Can you comment on the decision by US officials to cancel contracts for mRNA-based vaccines?

That news absolutely made it over the ‘big pond,’ and it kind of shocked me very personally, because I'm a firm believer that RNA-based therapies are the drugs of the future, because it just makes sense to address diseases at their root cause and not go through all the process of making a protein in some kind of an organism and going through upscaling and downstream manufacturing and cleaning up a protein slurry, just for instance, to have an antigen made for a vaccine. It makes much more sense to just give the body the tools that it needs to present the antigen itself. So for me, personally, I can't really understand that decision.

But on the other hand, policy cycles don't really change the science, and they also do not change the need for QC [quality control]. And one of the big areas where mRNA-based therapeutics are highly relevant is oncology, and not just therapeutic vaccines. And in this area, the contracts were not canceled, so this is still going on, and even the policymakers in the US recognize that this is a very important area.

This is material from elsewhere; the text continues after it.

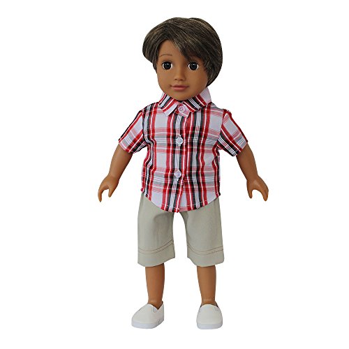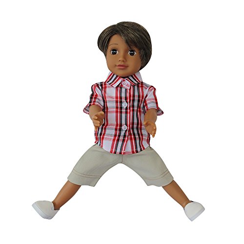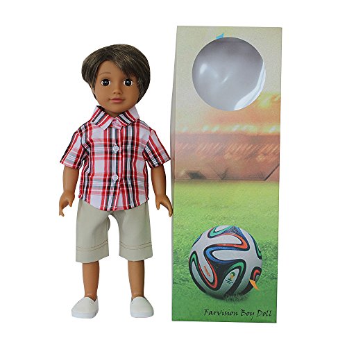 - 18 inch doll and doll outfits set:included 18 inch boy doll and doll plaid shirt,pants and white shoes,Green gift box
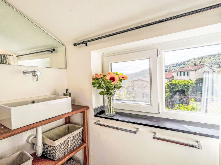 Koselig, rustikk hus "Bella Vista", 300 m.o.h. Med 2 etasjer, renovert i 2020. I området Bellissimi 4 km fra sentrum av Dolcedo, 13 km fra sentrum av Imperia, 37 km fra sentrum av San Remo, i en solrikt, høyt posisjon i et boligområde, område med lite trafikk, 3 km fra innsjø. I huset: takterrasse. 200 m bratt gangsti til hbrukt. Offentlig parkering 200 m. Butikk 5 km, supermarked 13 km, restaurant 5 km, bar 5 km, bakeri 5 km, café 5 km, bussholdeplass 200 m, togstasjon "Imperia Porto Maurizio" 13 km, småstenstrand "Imperia Porto Maurizio" 13 km, utendørs svømmebasseng 10 km, badevann "Lecchiore" 3 km. Marina 17 km, rideskole 6 km, sykkelvei 15 km.

Specifically for vaccine manufacturers, vaccine developers that are facing tighter budgets now—also a lot of biotechs here in Europe have trouble fundraising and are seeing tighter budgets than they were used to in 2020–21—but especially in this current situation, I think that platform-agnostic LNP QC is more important now than ever before, because companies do not have the budget to spend hundreds of thousands of Euros or dollars on shiny new instruments that solve one task or another task.

We need to take a look at what is really needed. What data do we need to show, and how can we get to these data as efficiently as possible? And therefore, for our business model, it's not a big dealbreaker. However, on a personal level, I can't understand the decision.

I think it's a very challenging field. It is all still quite new. There was a big hype during covid. We thought RNA-based therapies are going to be the future very fast. Now, it turns out it's still going to take a little bit longer. But I personally am convinced that in 20 years, 90% of newly approved drugs are going to be based on RNA, and we need to prepare for that.

Even though the market is quite small right now, this is a technology, and this is a market segment, that is growing very quickly, and therefore, I think providing tools for scientists in this field and allowing drugs to reach the patients faster and ultimately save millions of lives is very critical.

That's what drives me, and that's what gets me up in the morning. I really see that I can make an impact with the work I do, both in driving this company forward, but [also], as we're a small company, sometimes even jumping into the lab and helping out there. It's really inspiring, and I'm excited [about] what's coming up in the next few years.